The Sports Betting Alliance, comprised of a coalition of four powerhouse mobile sportsbooks, FanDuel, DraftKings, Fanatics, and BetMGM, have announced they will oppose the most recent online sports betting proposal in California spearheaded by independent businessman, Kasey Thompson.
Mobile Books Not Interested
California will be the most lucrative mobile sports betting market in the nation once it goes live, but getting there has been wrought with conflicting agendas and mistrust by the tribes that control gaming in the Golden State.
The commercial sportsbooks and tribal leaders have been unable to come to terms, which means sports betting has been stalled. However, a recent push by businessmen Kasey Thompson, Ryan Walz, and Reeve Collins to bring sports betting to the masses has been met with resistance by the California tribal nations despite the triumvirate insisting they are including all of the tribe’s wishes under one comprehensive bill.
But now the online sportsbooks are joining the tribes in decrying this most recent effort and have announced they will not support the effort to gather signatures to get sports betting on November’s California ballot.
Sports Betting Alliance (SBA) spokesperson, Nathan Click, said, “We recently learned that the authors of two sports wagering initiatives in California are trying to find financial support for signature gathering from sports betting operators. In the interest of clarity, and consistent with our previously stated opposition to these measures, we can commit that SBA won’t be funding or otherwise supporting either of these sports wagering initiatives.”
Reasons for Opposition
SBA spokesperson Nathan Click highlighted three primary reasons why the major online sportsbooks stand in opposition to the most recent sports betting proposal:
- “Without significant and widespread tribal support this initiative fails and sets back productive conversations for several years.”
- “The original premise of building a business based off customers acquired illegally through offshore operations falls significantly short of the regulatory standards to which our membership adheres.”
- “Further, this initiative is constructed to prevent the market from reaching anything close to its potential to the detriment of all stakeholders — commercial operators, Californians, gaming, and RSTF tribes — while enabling the unregulated illegal market to continue to thrive.”
Kasey Thompson has responded to the SBA’s opposition with a statement of his own which read, “That is natural for (SBA) to come out against as we are the most tribal initiative ever that puts 100% ownership and control in tribal hands. I have not asked any of those companies for a nickel.

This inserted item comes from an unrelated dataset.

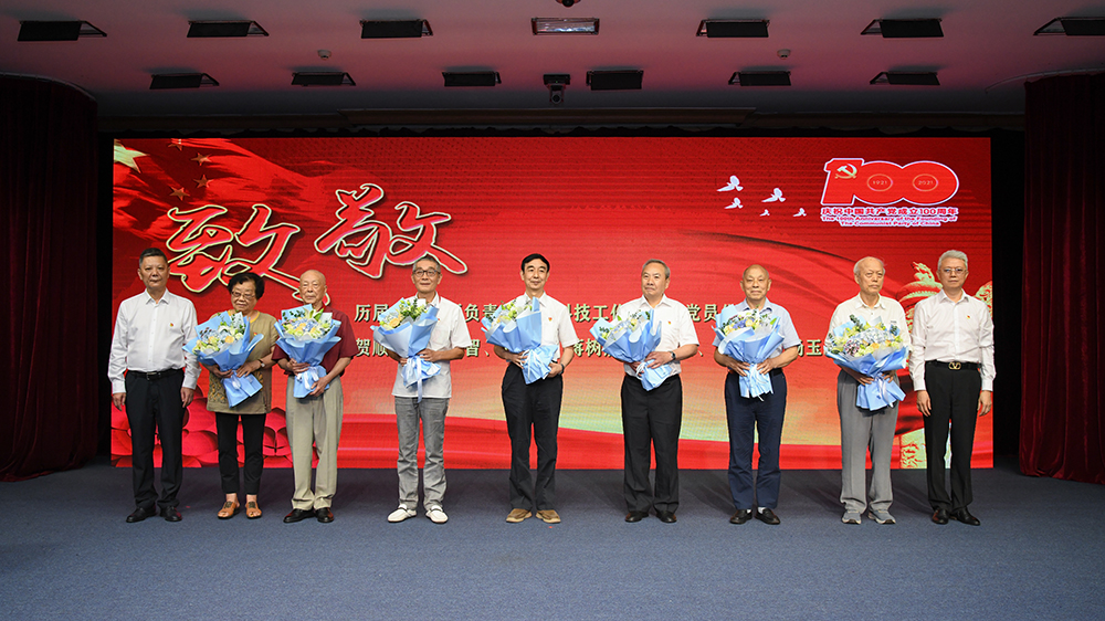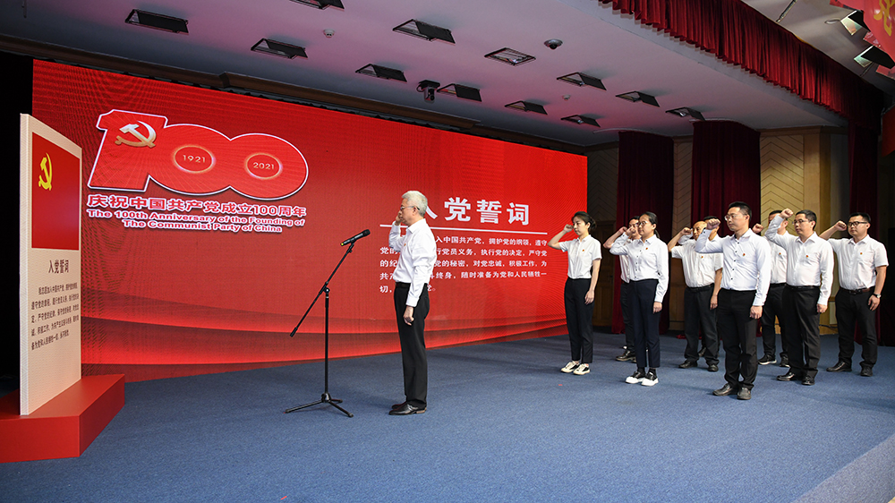 王福敏向應邀參會的已退休公司主要負責人、科技工作者、老黨員的代表致敬,并送上祝福鮮花。他還帶領新黨員向黨旗莊嚴宣誓,參會的全體黨員共同重溫入黨誓詞。

“… There is no mention of anything inappropriate in the bill … I think they do not see majority public tribal support but would get behind a mobile bill like this if they did.”
Finding Common Ground
There is an old saying, “The enemy of my enemy is my friend.” And the mere fact that the commercial operators are aligning with the tribes against this proposal may serve to ultimately bring the parties together.

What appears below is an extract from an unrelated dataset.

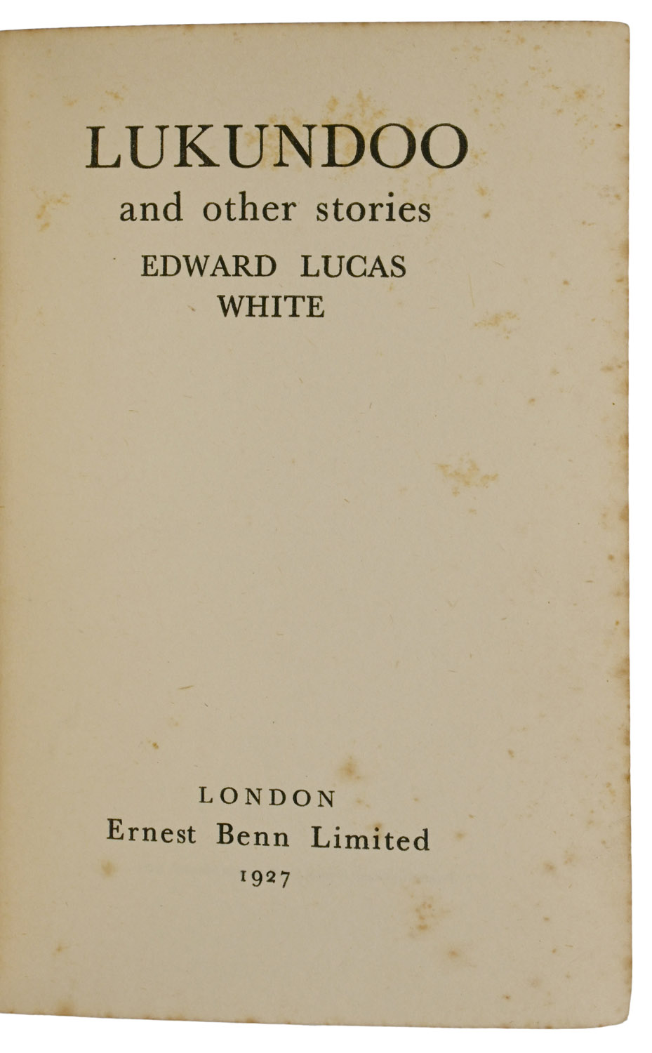 The first British edition, scarcer than the American, of the best-remembered work of the American author Edward Lucas White (1866-1934). White took inspiration from his own nightmares in his fantastical and horror stories; the title story here, in which an explorer suffers a nightmarish fate after being cursed by a witch doctor in a remote part of central Africa, is his most frequently reprinted.

There will be an All-Tribes Meeting on January 30th in Sacramento where the tribes will be discussing, among other things, online gaming. Dan Little, chief intergovernmental affairs officer for the San Manuel Band of Mission Indians, spoke about Thompson’s current proposal.
“They’ve got a tough roadmap to get on the ballot, so we’ll see. They did utilize some of the language that San Manuel wrote two years ago, but they’ve changed it. And some of the changes have raised some concerns, the elimination of the in-person registration and they’re kind of opening it up to the commercial industry.
“Some of the other changes are not so bad. The increased funding for the RSTF will be helpful. So, we’re just going to continue to monitor it and see where it goes if they’re able to qualify, understanding they’ve got a very short timeframe here.”